# Off-Topic Discussion > Artists' Corner > Art Design >  >  Photo Edit Request

## Daeva

for best results, we recommend that the photo have a minimum resolution of 96 d.p.i.,  						be no less than 300 pixels wide and no greater than 300k in size.  24 bit color depth  						and jpg format are recommended.  only jpg format will be accepted.  filename must have  						no spaces.

Soo...jp, no greater than 300k in size, and all that other stuff! Can someone edit the following photo for me, using those specs? Thanks.

http://i14.photobucket.com/albums/a3...CultQueenX.jpg

----------


## Daeva

No one? Come on, help me out, it can't be that hard!  :Sad:

----------


## nina

What's it for? And where'd you get the pic?

----------


## Merlock

Here you are. 24-bit, 96 dpi, less than 300k in size.
Hope they don't mind progressively saved jpegs but if jpegs are what they want and not a psd or any such then I imagine it's fine.
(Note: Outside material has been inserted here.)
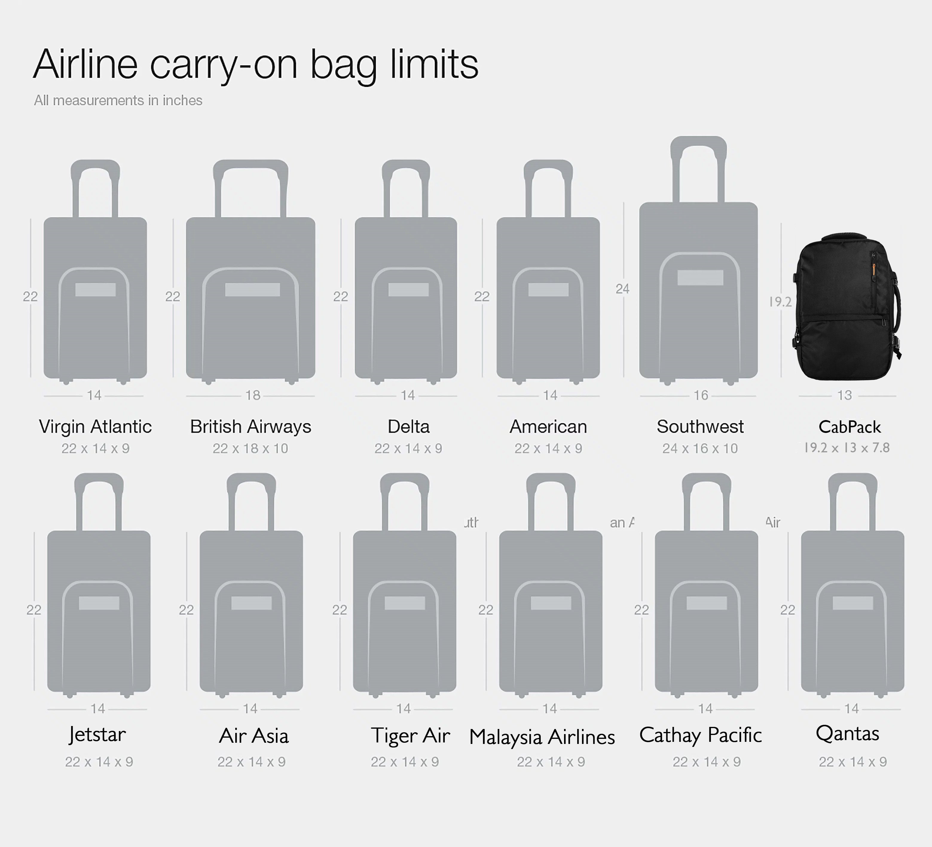 様々なエアラインで持ち込みを想定したサイズに作られています。サイズ制限の厳しいLCCにも対応しているのは嬉しいポイントですよ。

But, aye, what's it for? o.o

----------


## Daeva

> Here you are. 24-bit, 96 dpi, less than 300k in size.
> Hope they don't mind progressively saved jpegs but if jpegs are what they want and not a psd or any such then I imagine it's fine.
> 
> 
> But, aye, what's it for? o.o



Thank ya. When I uploaded it into the spot, it didn't quite show up as I wanted it too (face was too small in the spot) but it works out. Thanks for altering it ^_^





> What's it for? And where'd you get the pic?
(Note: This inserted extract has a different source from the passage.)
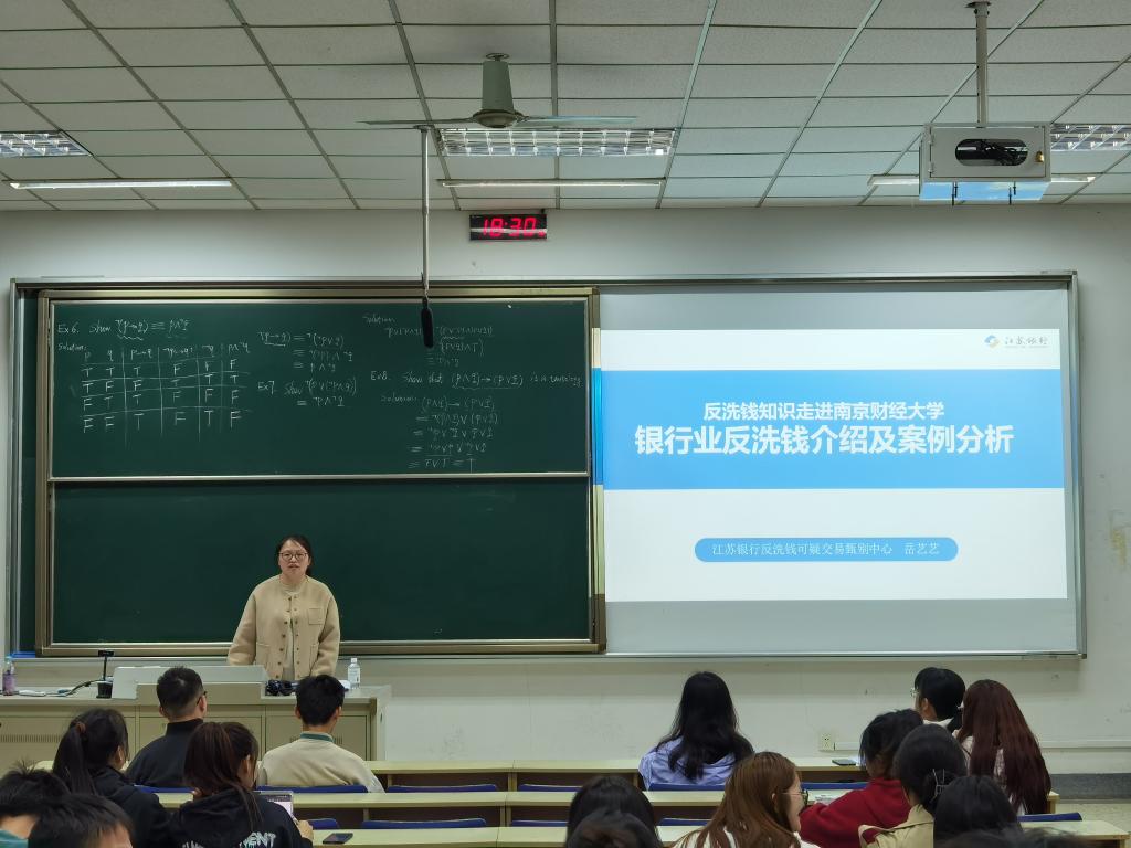 岳艺艺从国际和国内反洗钱法律法规入手,结合当前我国商业银行反洗钱工作的开展情况,深入剖析了银行业务中涉及的网络诈骗、地下钱庄、非法吸收公众存款、集资诈骗、传销、赌博、信用卡套现、套路贷等8种典型案例,用通俗易懂的语言向同学们讲解各类洗钱行为的危害,提醒同学们要增强洗钱风险防范意识,树立科学理性消费观念。她以江苏银行为例,介绍了银行业反洗钱工作的社会意义和工作内容,强调反洗钱工作任重道远,需要社会各界共同参与,也需要更多人才加入反洗钱队伍。

An RPG site. Got it from Devart. Why?

----------


## WillShatnerFan

Now that's one haunting picture.

----------


## Daeva

> Now that's one haunting picture.



I'm particularly fond of the snake that is on him that most don't seem to notice at first glance.

----------


## WillShatnerFan

> I'm particularly fond of the snake that is on him that most don't seem to notice at first glance.



Yeah, it's pretty well done. I don't do this kind of art, but, if you like, you could check out my deviantART site, http://wizfrikiman.deviantart.com.

----------


## Cn

Thats a he?

----------


## ClouD

> Thats a he?



Mm, I thought I saw a boob, too.

----------


## WillShatnerFan

> Thats a he?



I _think_ it's a man. I could be wrong, though.

----------